However, after reading this forum, it gave me a clue that the pressure increase could be due to thermal expansion. And sure enough, I have found that the pressure increases when the water heater turns on. The pressure will spike up to 120psi. Of course, as soon as a faucet is turned on anywhere in the house, the pressure goes back to normal.

I don't believe I have any thermal expansion tank, at least I don't see one connected to my water heater. Should this be something I should consider having installed? I would imagine that during the day, any thermal expansion is quickly dissipated by water use. However, at night I'm not sure if the pressure stays high or slowly dissipates on its own.

Thanks for any input.

Redwood
12-08-2008, 11:59 AM
Installing one could increase the service life of your water heater.
The extra 40 PSI isn't enough to cause the T&P to release water but in a pressure vessel there is a certain number of expansion cycles that it can take before it tells you replace me!

This is a picture of a failed pressure vessel that had to many expansion cycles on it.
http://i44.photobucket.com/albums/f2/Redwood39/243a.jpg http://i44.photobucket.com/albums/f2/Redwood39/side2.jpg
Aloha Airlines Flight 243

Keep flexing that water heater tank and say Aloha Baby!

hj
12-08-2008, 12:08 PM
It shouldn't affect the water heater one way or the other. What could be affected is the washing machine hoses and the small supply lines to your faucets.

SteveW
12-08-2008, 05:22 PM
Once I learned, from this very forum, of the need for an expansion tank, and installed one, my water softener has not needed annual replacing of o-rings and rotor discs.

Long-term high water pressure is like high blood pressure - it takes its toll.

Get an expansion tank installed, and have a shut-off valve installed right under it so that when it eventually fails, you can isolate the tank to make replacement easier.

In my case I also had a boiler valve installed so that I would have an extra hose bib, so I could watch the pressure with/without the expansion tank on line. It's fun to shut off the valve to the tank, let the water heater heat up a batch of water, and watch the pressure gauge go to 100...120...150...even 180. Then open the valve to the tank and the pressure comes immediately down to whatever the PRV is set at.

Redwood
12-08-2008, 05:30 PM
In my case I also had a boiler valve installed so that I would have an extra hose bib, so I could watch the pressure with/without the expansion tank on line. It's fun to shut off the valve to the tank, let the water heater heat up a batch of water, and watch the pressure gauge go to 100...120...150...even 180. Then open the valve to the tank and the pressure comes immediately down to whatever the PRV is set at.

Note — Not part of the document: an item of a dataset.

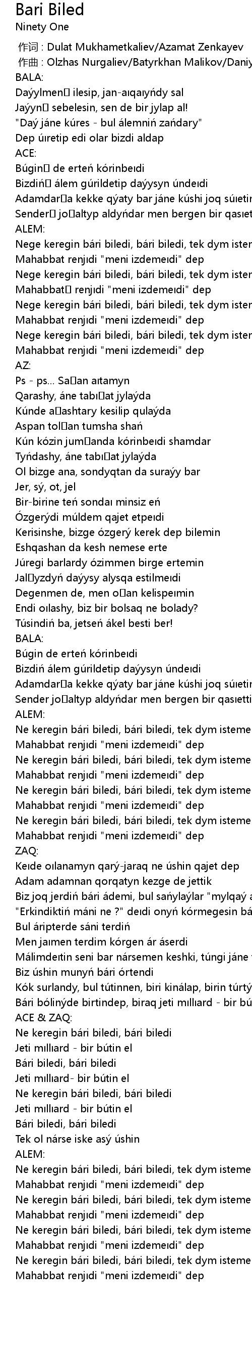 | [00:56.51] | Nege keregin bári biledi, bári biledi, tek dym istemeıdi |
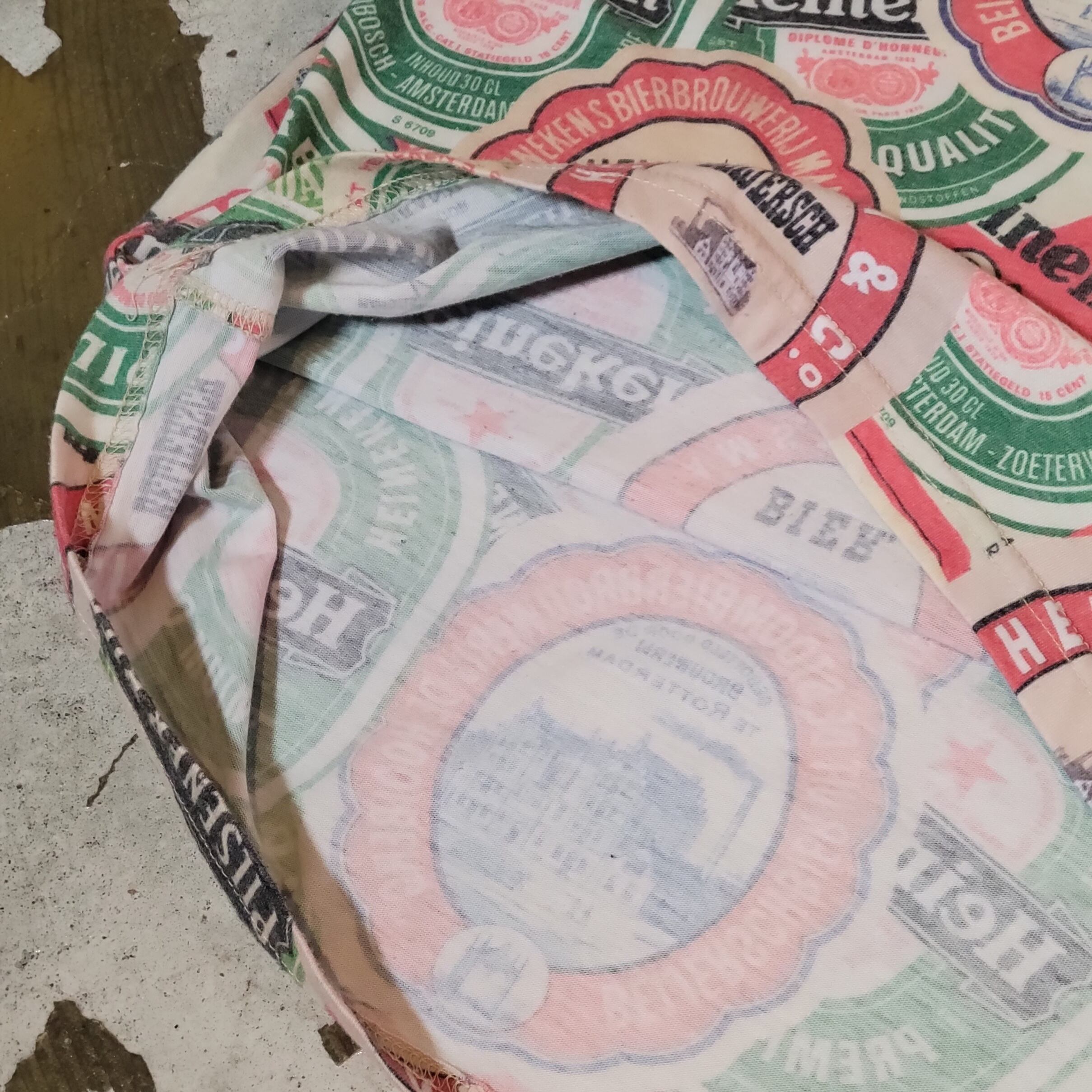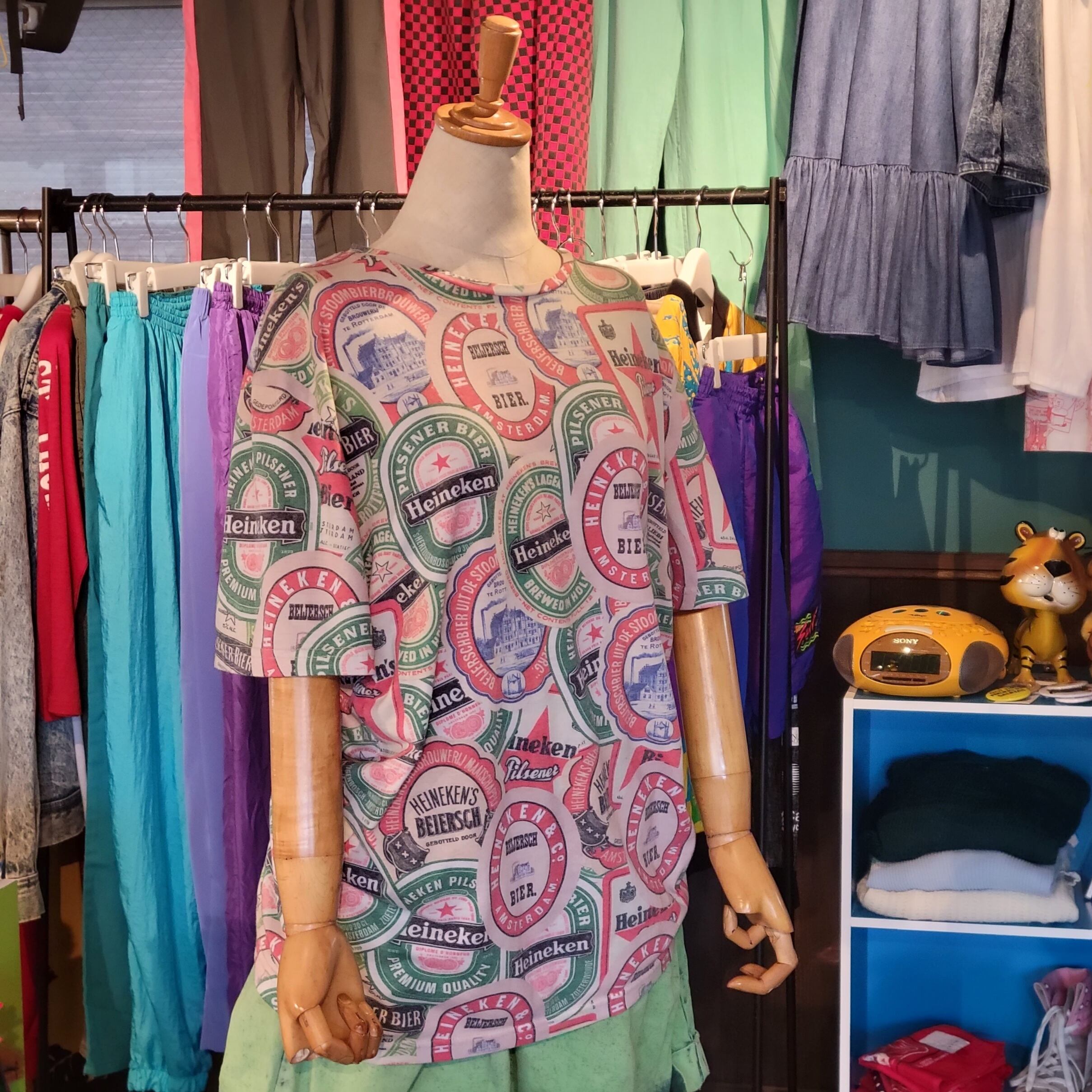 色味は、ベージュ×グリーン×レッド×ブルー×ブラック。インパクト大の総柄が魅力的。そのままペロッと着てもレイヤードしても面白いスタイリングが出来ます。グビッと行きたい夏に酒飲みさんが着るのも、あえて下戸さんが突っ込みまちするのも楽しそう。

This is not something I would recommend doing! The T&P should release the pressure at about 150 Psi.

http://www.waterheaterblast.com/waterheaterblast.wmv

nhmaster
12-08-2008, 07:11 PM
Most codes require a thermal expansion tank installed on the cold line. Since the PRV has a check valve that will not allow expansion back into the city main the pressure has no where to go. Your plumber should have known this and installd the tank when he installed the PRV.

Dunbar Plumbing
12-08-2008, 09:56 PM
It shouldn't affect the water heater one way or the other. What could be affected is the washing machine hoses and the small supply lines to your faucets.




Ahh.....but it does.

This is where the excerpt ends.